*Source material*
....

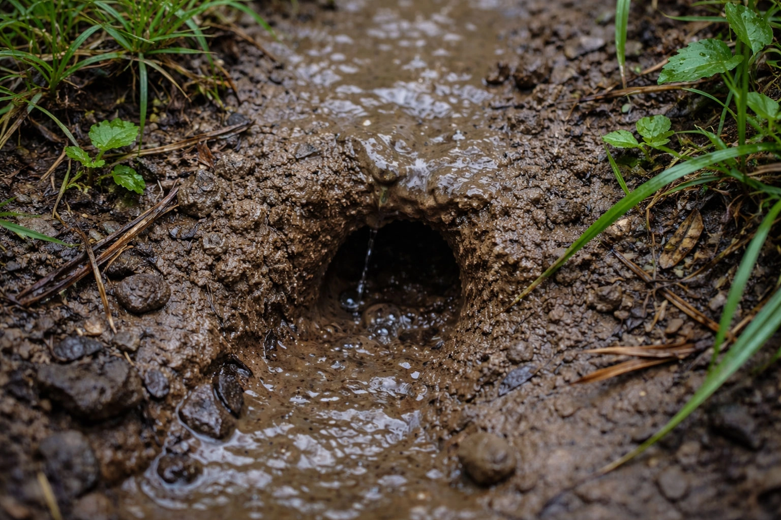 屋前、屋後的小土丘,是鄉下孩子的寶藏。撥開土丘,看到小洞,提著一桶水灌下,就能抓到蟋蟀。(圖片來源:AI生圖)
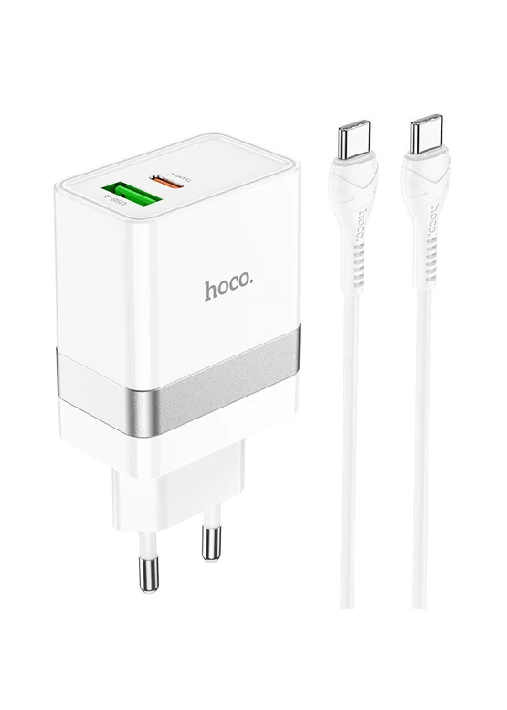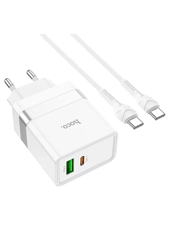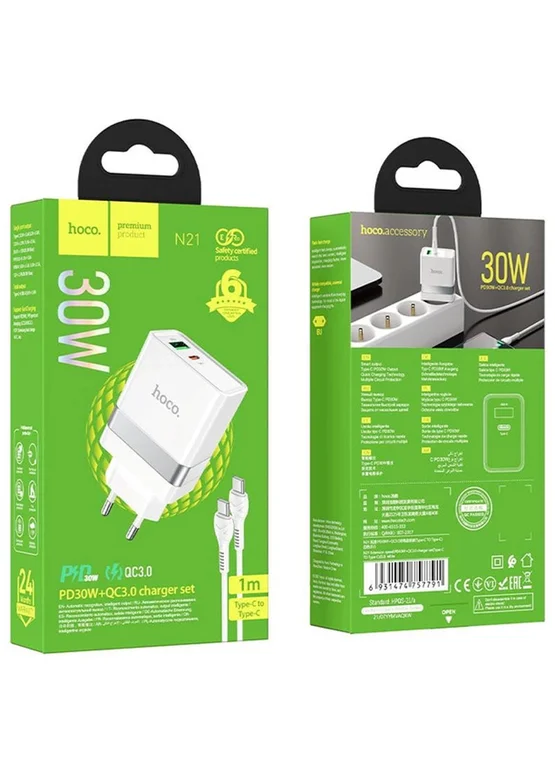 СЗУ Hoco N21 Topspeed PD30W+QC3.0 (1USB/1Type-C/3A) + Type-C + Type-C White
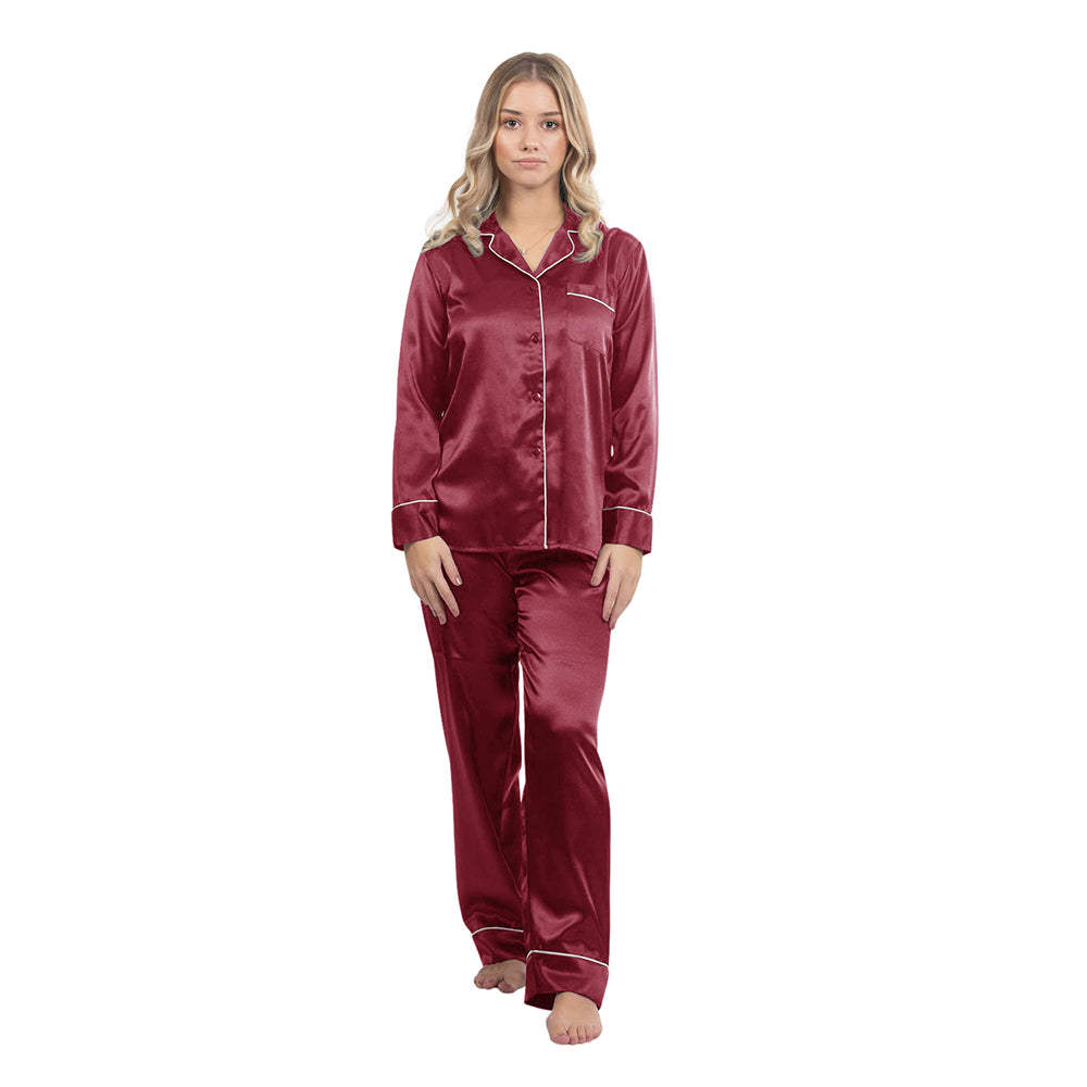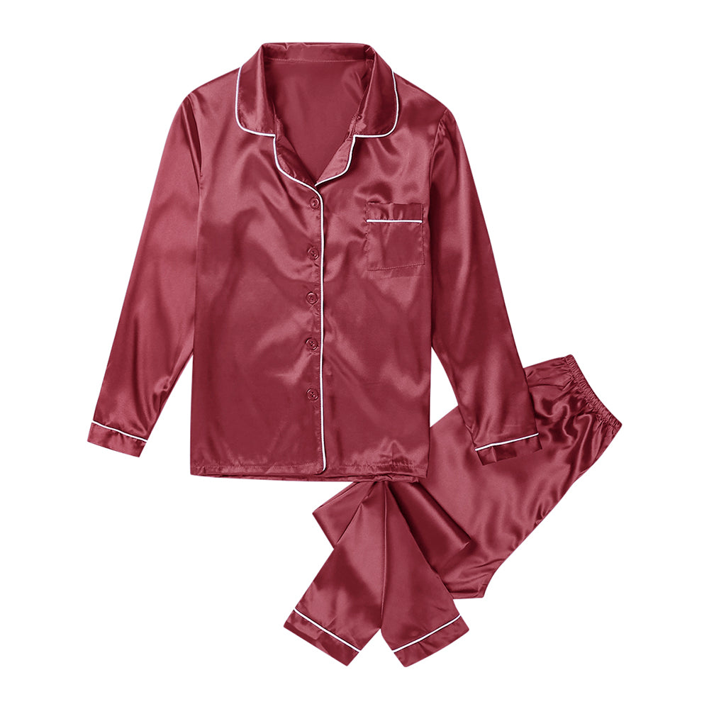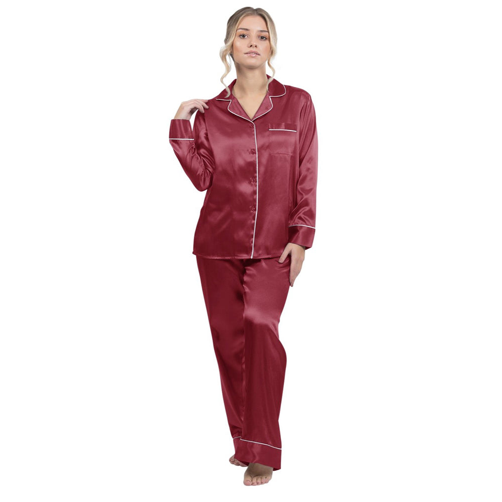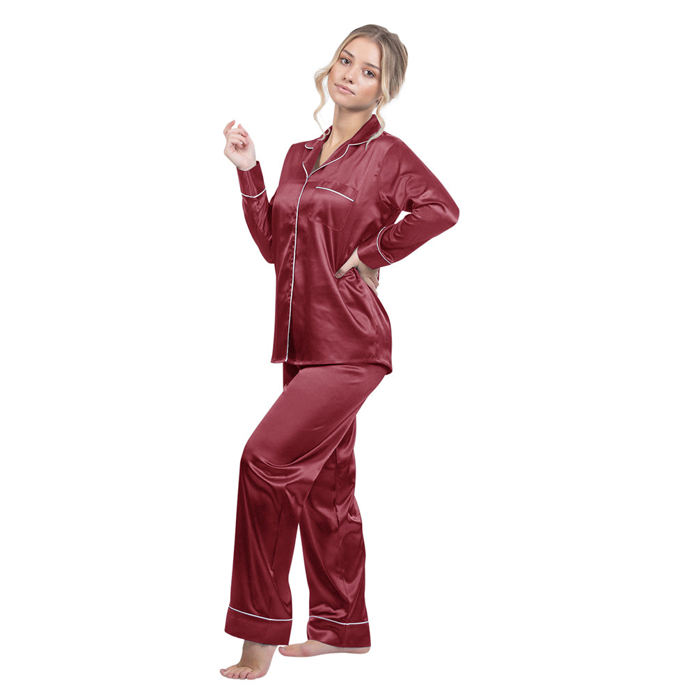 Silky Satin Pajama Set - Burgundy

....

Write out the data above exactly, minus any images.

 屋前、屋後的小土丘,是鄉下孩子的寶藏。撥開土丘,看到小洞,提著一桶水灌下,就能抓到蟋蟀。(圖片來源:AI生圖)
 СЗУ Hoco N21 Topspeed PD30W+QC3.0 (1USB/1Type-C/3A) + Type-C + Type-C White
 Silky Satin Pajama Set - Burgundy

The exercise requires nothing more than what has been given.